Film-making Overview

On this page, I want to share just what goes into making a short video or film about fat biking or cycling, looking at what equipment is required, how to actually record footage out in the field or on location and finally editing your video and posting online. So, let’s get started. I’ll only be looking at things very briefly here, as I’ll be covered each of the different stages later in separate articles.

Right, the first thing you will require, obviously, is a camera. And I’ll start by saying that anything will do at this stage, be it a smart phone, action camera such as the GoPro, a stills camera such as an SLR with video capability or even a dedicated video camera, it matters not. I tend to use both a GoPro and a dedicated Panasonic camcorder.

Next, you will need to unsure your batteries are fully charged (and a few spares will do no harm), enough storage capacity for your footage (I find 5 – 10 Gb is plenty) and some means of supporting the camera, for examples a mini tripod, though this does limit where you can place the camera, a proper medium-sized tripod is much better.

Next, what goes into making a short video about cycling? Personally, I do my own thing. The right way is to plan your shoot, perhaps scouting the location first, making a storyboard of the scenes you want to record, and so on. Lots of planning. Having said that I do preferring the times around dawn or dusk when the light conditions are far more interesting. My way is just to essentially make it up as I go along, trying to think creatively with what I come across on location. I ride the route, see an interesting scene, shoot it, ride some more and repeat. Works for me but you can decide what you want to do.

Now, a short, say 5-minute-long video, is usually comprised of a series of short clips all edited and joined together and that what we need to do here. You can simply mount your camera on the bike handlebars, or use a chest mount, and record a single long clip. However, that may not be very interesting to viewers and it’s much better to record a wide variety of different scenes to add interest, along with a few video “stills” of the location you are shooting.

From experience, even a 3 to 5-minute video, will have as many as 100 or more short clips and this takes a lot of time and effort. For example, for each clip I might be riding along and see a good scene to record. I’ll stop the bike, get off and set up the camera. Then ride back a-ways, ride past the camera, do an about-turn and then ride back past the camera again (this goes me further clips to use, say, for the return part of a linear route). Next, get off the bike, pack up the camera and repeat. Believe me when I say this can be back-breaking work and very tiring!

As I mentioned above, the secret is to record as many different clips as you can. Try varying where you place the camera, perhaps low down on the ground or strapped to a tree branch or simply resting on a gate post. You might want to ride towards the camera, ride away from the camera or ride past the camera at right angles. Variety can also be achieved by having the camera close or distant from yourself. Recording some clips of the scenery also adds interest to your finished video. Be creative and use your imagination, it’s your video, so anything goes.

When you are finished recording and you are sitting at the computer, first thing to do is to download your footage, then make another copy of the raw clips and save them away as a backup, just in case you mess up your originals. For editing you will need some editing software and there are plenty of free packages available online. I use Open Shot Video Editor which is basic, simply to use and does everything I need.
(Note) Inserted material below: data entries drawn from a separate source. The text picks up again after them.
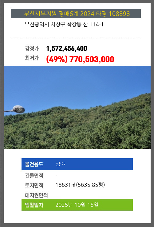 사건번호 2024 타경 108898 본건은 부산광역시 사상구 학장동 산 114-1소재하는 임야경매 물건의 포스팅입니다. 토지면적 [ 18631㎡ (5635.85평) ] 시세를 반영한 감정가 1,572,456,400에서2회 유찰되어 감정가 대비
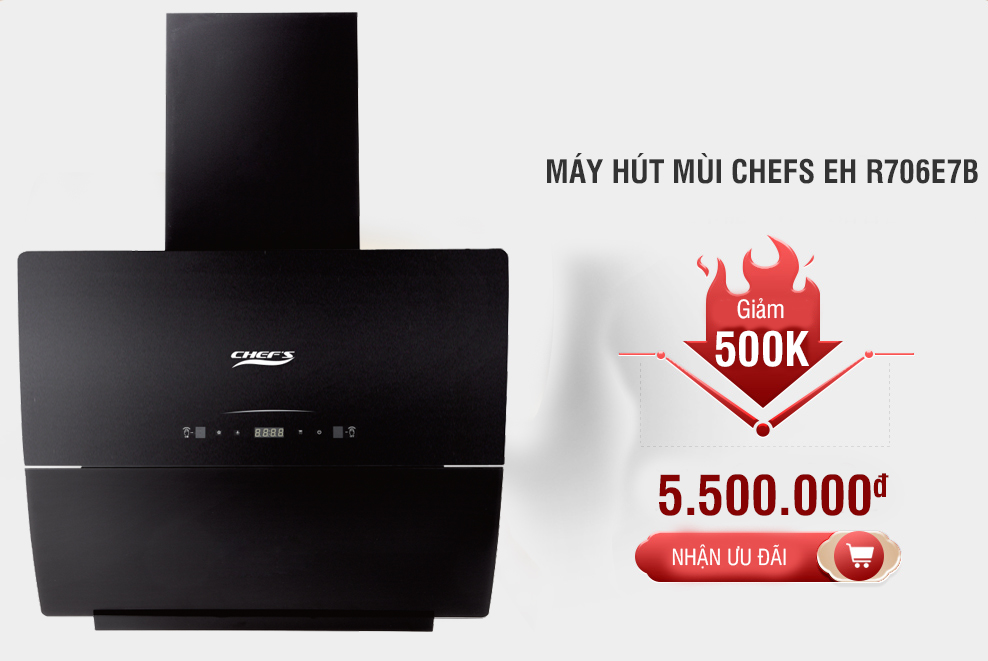 Máy hút mùi Chefs EH R706E7B giảm 500.000 đồng, giá còn 5.500.000 đồng
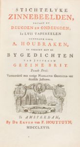1767. LIBRO. (ARTE-GRABADO). HOUBRAKEN, Q.: STICHTELEYKE ZINNEBEELDEN, GEPAST OF DEUGDEN EN ONDEUGDEN, IN LVII TAFEREELEN VERTOOND DOOR. Amsterdam : Imp. Erven van F. Houttuyn, 1767. 8º mayor.
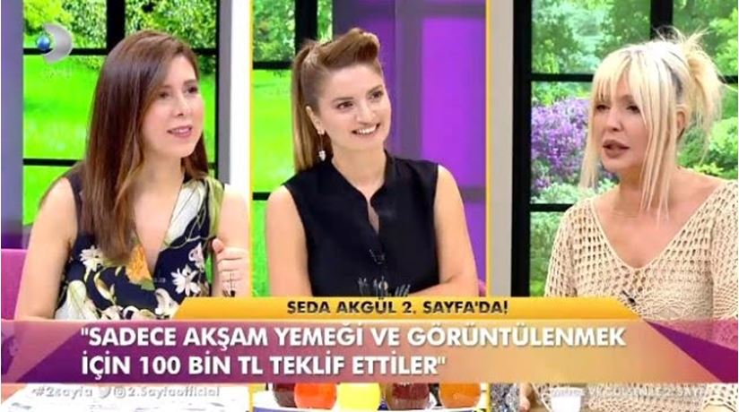 Sunucu Seda Akgül, katıldığı canlı yayında 2-3 sene önce Ankaralı bir iş adamından akşam yemeği yiyerek birlikte görüntülenmek için 100 bin TL teklif aldığını anlattı.
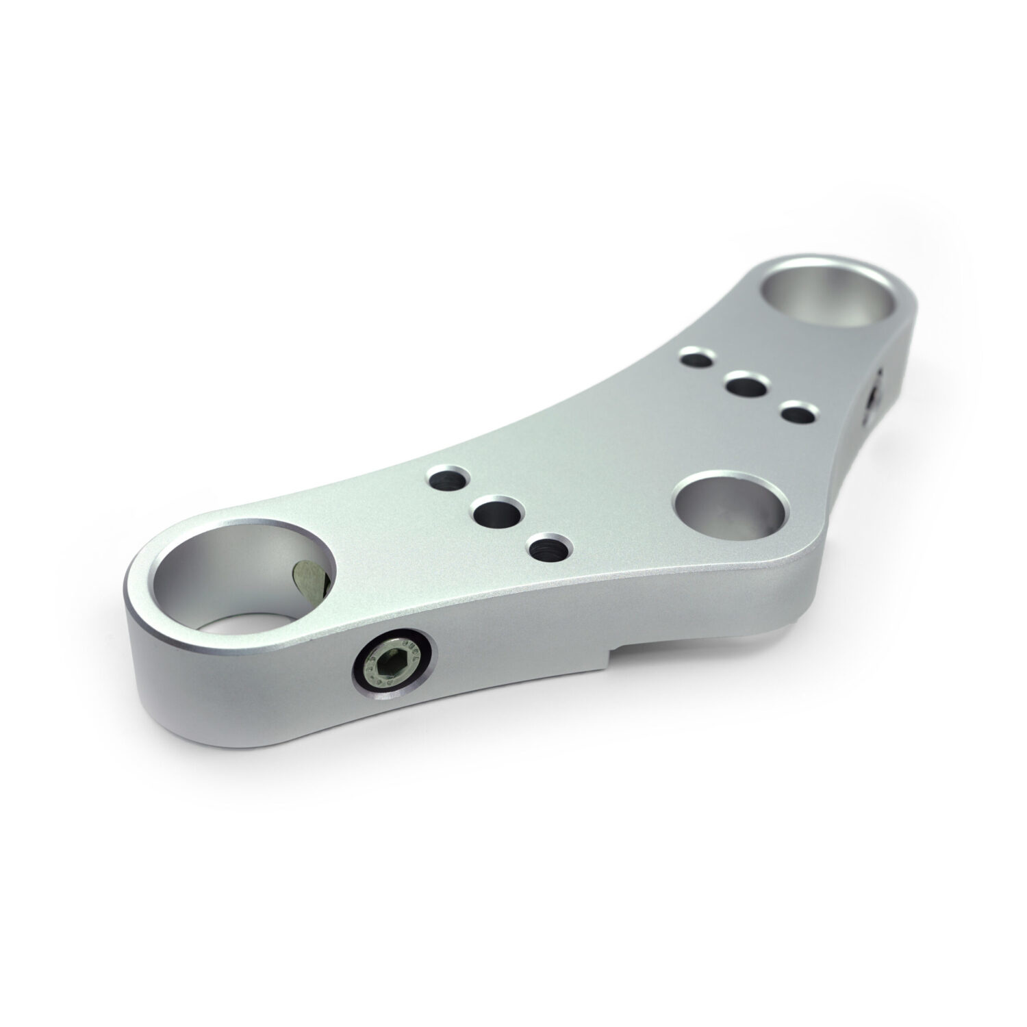 Diese hochwertige Gabelbrücke ist aus einem Stück hochwertigem Aluminium CNC-gefräst. Nach der Bearbeitung durchläuft die Gabelbrücke eine Reihe von Oberflächenbehandlungsschritten, einschließlich Eloxieren. Das Ergebnis ist ein glattes Satin-Finish, das sowohl kratz- als auch witterungsbeständig ist. Vervollkommnen Sie für einen Caférennfahrer-Motorradbau oder irgendeinen anderen kundenspezifischen Bau, in dem Sie Klipp-auf verwenden möchten.

To use the editing software, you usually create a new project, import all your raw footage and then drag a clip to the timeline. Each clip is then edited to leave only the footage you want, discarding the remainder. It’s then a case of repeating this with each clip. I usually order them in sequence with the ride, trying to add variety as I go and adding a few of the “still” clips I recorded on location. You can also add music the same way by dragging a track onto one of the other timelines and titles is you want. Finally, and usually after much mucking about, compile your clips into the finished video and you are ready for posting online.

I usually post on YouTube and will also create a link and page with a few words on my Blog. You can also post on your Facebook page if you have one as well as any bike forums you visit. I tend not to bother too much about publicising my work as I create them for myself and don’t care about how many views I get. For myself, it’s foremost about riding the bike, being creative when making the video and seeing the finished video.